L’e-commerce face aux exigences accrues en matière de TVA

Créé le

23.08.2023

L’e-commerce est en pleine évolution depuis 2020 et la crise sanitaire. Les « marketplaces » font appel à des prestataires de services de paiement qui ne cessent d’innover dans leurs pratiques. Pour lutter contre les dérives et sécuriser les obligations déclaratives de ces opérateurs, les règles ont été renforcées.

Depuis plusieurs années, les modes de consommation ont évolué et l’activité des places de marché (marketplaces) ne s’est jamais aussi bien portée. Au-delà de ce canal incontournable, les entreprises ont déployé une stratégie hybride en développant les ventes directes au consommateur via leur propre site1 et font coexister les deux systèmes2. Nous assistons également à un déploiement de l’activité entre vendeurs et consommateurs non assujettis particuliers (C2  : Consumer to Consumer) au travers des marketplaces.

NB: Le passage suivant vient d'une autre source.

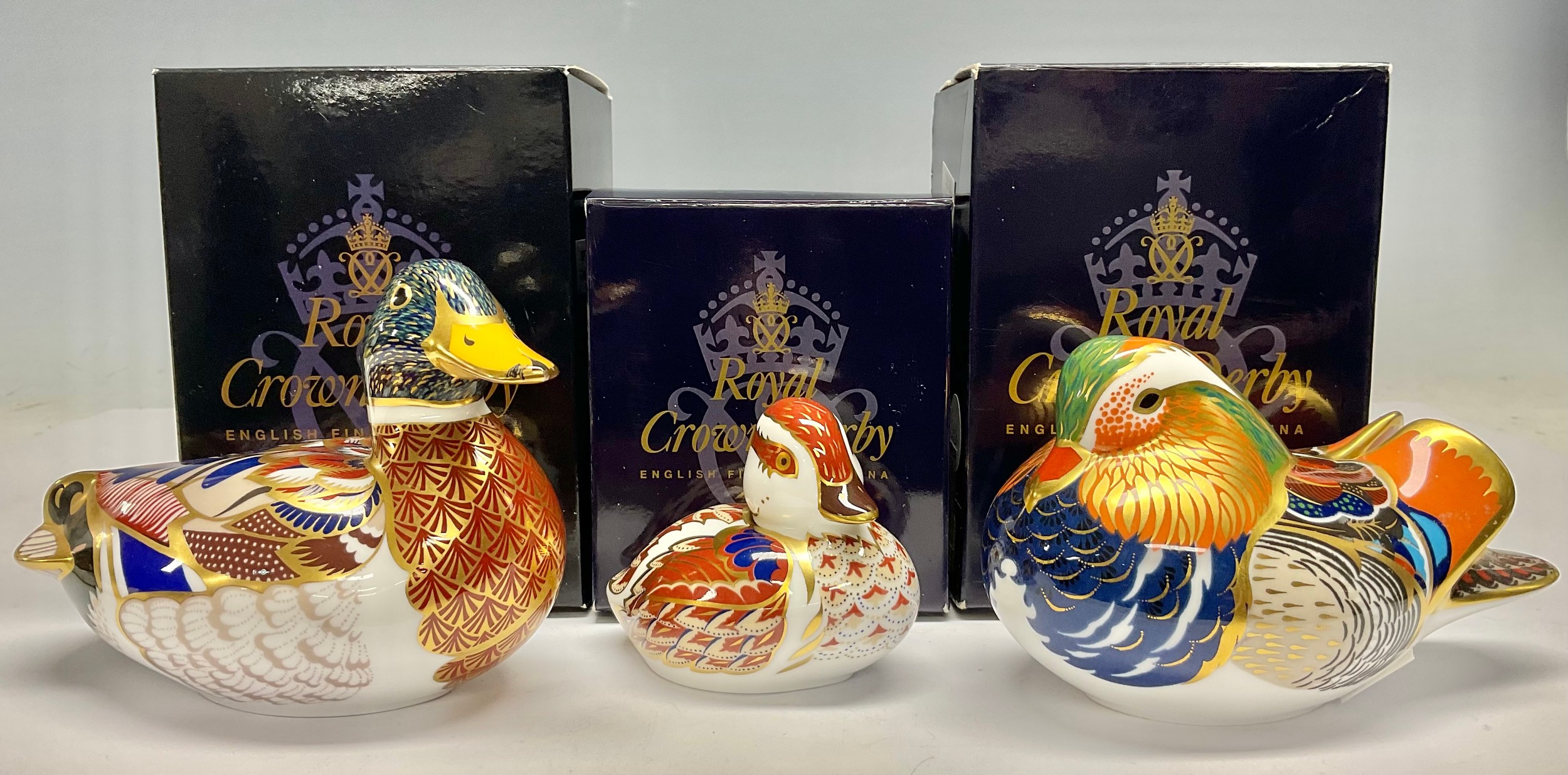 A Royal Crown Derby paperweight, Mallard, gold stopper, 15cm long, printed mark in red, boxed; others, Mandarin Duck, gold stopper, 12cm, printed mark in red, boxed; Swimming Duckling, gold stopper, 7.5cm long, boxed (3)

Les plateformes sont de plus en plus responsabilisées et un arsenal de mesures a été pris depuis 2015. La Commission européenne a ainsi mis en place depuis le 1er juillet 2021 un paquet de règles visant à permettre une attraction de la TVA3, dans les relations avec les consommateurs non assujettis, au plus proche du lieu de consommation (des biens ou des services). Afin de favoriser sa collecte, sans alourdir les obligations pour les opérateurs, des mécanismes de simplification (guichets uniques) de gestion des obligations déclaratives et de collecte, depuis l’État membre d’établissement de l’opérateur, existent.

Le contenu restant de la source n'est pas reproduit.